Zverev, podobnie jak Ruud, do French Open podejdzie pokonany przez Jarry'ego
Zverev ma kilka dni, aby dojść do siebie po rozczarowaniu przed meczem otwarcia w najważniejszym meczu sezonu na kortach ziemnych. Jego pojedynek pierwszej rundy z Lloydem Harrisem z RPA, numerem 306 w rankingu, odbędzie się dopiero w poniedziałek lub wtorek.
Zamiast większej praktyki meczowej i pewności siebie, Zverev wjeżdża do Paryża z wątpliwościami. Zawodnik z Hamburga jest daleki od swojej szczytowej formy z zeszłego roku, kiedy to celował w pierwszy tytuł wielkoszlemowy i pierwsze miejsce w światowym rankingu, aż do fatalnej kontuzji w półfinale. Było to również widoczne w półinałowym meczu z Jarrym w Genewie.
Brak deja vu z 2019 roku
Cztery lata temu Zverev wygrał finał w Genewie ze swoim przeciwnikiem, który był nieprzyjemny na mączce, ale tym razem to Niemiec często wpadał w kłopoty. Popełnił pięć podwójnych błędów i często nie miał szans przy podaniu znacznie niżej notowanego Jarry'ego.

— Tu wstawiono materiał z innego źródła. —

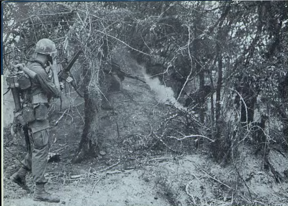
Riflemen from B Troop, 7/17 Air Cavalry Squadron, radio in results after tossing a grenade into an enemy bunker complex killing two NVA soldiers.

general of I Field Force (IFFV), supports the success of the troop as they supported the ARVN, Civilian Irregular Defence Group and 5th Special Forces advisors in the 24th Special Tactical Zone (STZ).

W pewnym momencie Zverev wzruszył ramionami i bezradnie spojrzał w stronę swojego boksu. Trafił mu się Jarry w naprawdę niezłej dyspozycji, który zaledwie wczoraj odprawił z turnieju innego faworyta, Caspera Ruuda. Chilijczyk pokazuje, że czuje się coraz mocniejszy i nie boi się rywalizacji z faworytami. Przeciwnie, cieszy się grą z nimi.
Zverev w turnieju nie zachwycił. W Genewie udało mu się jedynie odnieść imponujące zwycięstwo w meczu otwarcia przeciwko Christopherowi Eubanksowi (USA), gdy od początku do końca widać było kontrolę. W ćwierćfinale był na korcie przez 21 minut, zanim Wu Yibing z Chin musiał przedwcześnie skończyć mecz. Walczył o swoją szansę przeciwko Jarry'emu do końca, miał pierwszy break point przy stanie 3:5 w drugim secie, ale został pokonany po 1:46 godziny.